→ **Task description**
Skip the images. Copy the records exactly as written.

Stored records

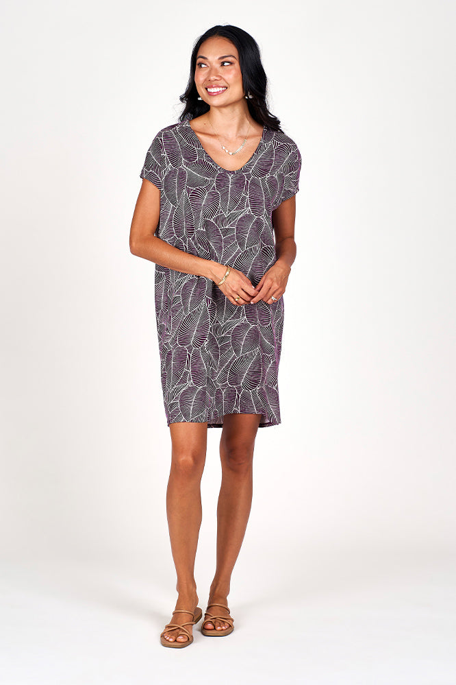 The Comfy Dress lives up to its name! But don’t be fooled—it’s perfect not just for lounging in style but also for stepping out with flair. Whether you cinch it with the a cute belt to highlight your waist or pair it with casual shoes for an easygoing vibe, this dress is so versatile you’ll never want to take it off. And now, it’s available in the stunning Geo Leaf print in a rich plum shade, adding a fresh twist to a beloved favorite.
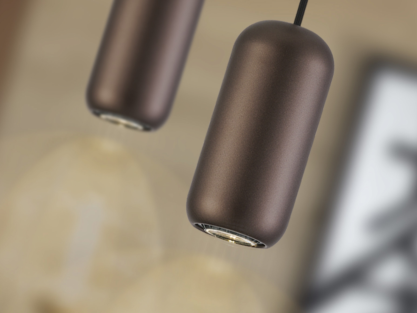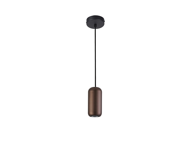 Лампа из металла, окрашенного в матовый чёрный цвет. Тёмно-коричневый металлический абажур. Регулируется по высоте. Цоколь GU10.
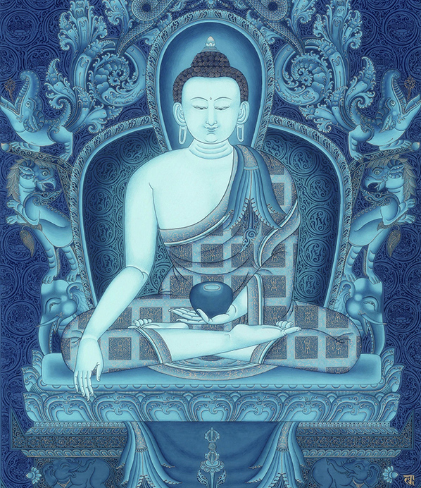 Nhiều năm trước, ở xứ Ấn, có một học giả vĩ đại tên là “Suối Nguồn Giáo Lý”, ông đã sống và giảng dạy tại viện đại học Phật giáo Nalanda. Nhờ thực hành các Nghi quỹ về Bản tôn của mình mà ông đã đạt được một số thành tựu và phô diễn thần thông. Trong lễ quán đỉnh, ông có thể đặt những chiếc bình quán đỉnh ở trên bầu trời để ông có thể dùng hai tay của mình bắt ấn. Tuy vậy, các bậc Thầy đã khuyên ông không nên rời khỏi Nalanda cho tới khi thực sự chứng ngộ được tự tính tâm của mình.
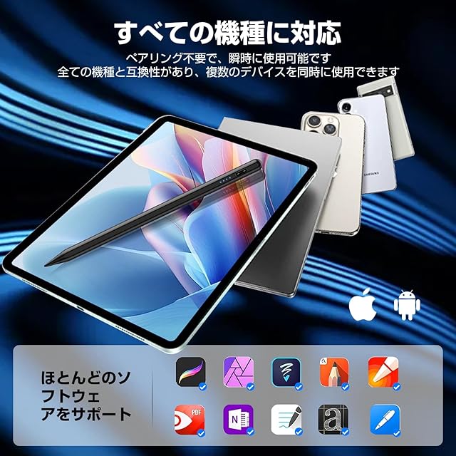【2025・超高精度スタイラスペンの多機種対応】binoa スマホ ペン、全ての機種と互換性があり、複数のデバイスを同時に使用できます。ペアリング不要で、瞬時に使用可能です超精密センサー、まさに遅延ゼロ、切断ゼロ 。 (Pad/Phone/Android/スマートフォン/タブレット用の鉛筆)また、接続やペアリングは不要です。 スイッチをダブルクリックしてすぐに書き込みます。【ご注意:新しい製品を使用する前に、製品に十分な力があることを確認してください。電力が低い場合は、適時に充電してください。】
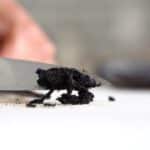 - Open the bean like a book to expose the sticky, resinous interior. Hold one end steady and use the tip of the knife to gently scrape along the inside, collecting the tiny black seeds.

→ **Solution**
 The Comfy Dress lives up to its name! But don’t be fooled—it’s perfect not just for lounging in style but also for stepping out with flair. Whether you cinch it with the a cute belt to highlight your waist or pair it with casual shoes for an easygoing vibe, this dress is so versatile you’ll never want to take it off. And now, it’s available in the stunning Geo Leaf print in a rich plum shade, adding a fresh twist to a beloved favorite.
 Лампа из металла, окрашенного в матовый чёрный цвет. Тёмно-коричневый металлический абажур. Регулируется по высоте. Цоколь GU10.
 Nhiều năm trước, ở xứ Ấn, có một học giả vĩ đại tên là “Suối Nguồn Giáo Lý”, ông đã sống và giảng dạy tại viện đại học Phật giáo Nalanda. Nhờ thực hành các Nghi quỹ về Bản tôn của mình mà ông đã đạt được một số thành tựu và phô diễn thần thông. Trong lễ quán đỉnh, ông có thể đặt những chiếc bình quán đỉnh ở trên bầu trời để ông có thể dùng hai tay của mình bắt ấn. Tuy vậy, các bậc Thầy đã khuyên ông không nên rời khỏi Nalanda cho tới khi thực sự chứng ngộ được tự tính tâm của mình.
【2025・超高精度スタイラスペンの多機種対応】binoa スマホ ペン、全ての機種と互換性があり、複数のデバイスを同時に使用できます。ペアリング不要で、瞬時に使用可能です超精密センサー、まさに遅延ゼロ、切断ゼロ 。 (Pad/Phone/Android/スマートフォン/タブレット用の鉛筆)また、接続やペアリングは不要です。 スイッチをダブルクリックしてすぐに書き込みます。【ご注意:新しい製品を使用する前に、製品に十分な力があることを確認してください。電力が低い場合は、適時に充電してください。】
 - Open the bean like a book to expose the sticky, resinous interior. Hold one end steady and use the tip of the knife to gently scrape along the inside, collecting the tiny black seeds.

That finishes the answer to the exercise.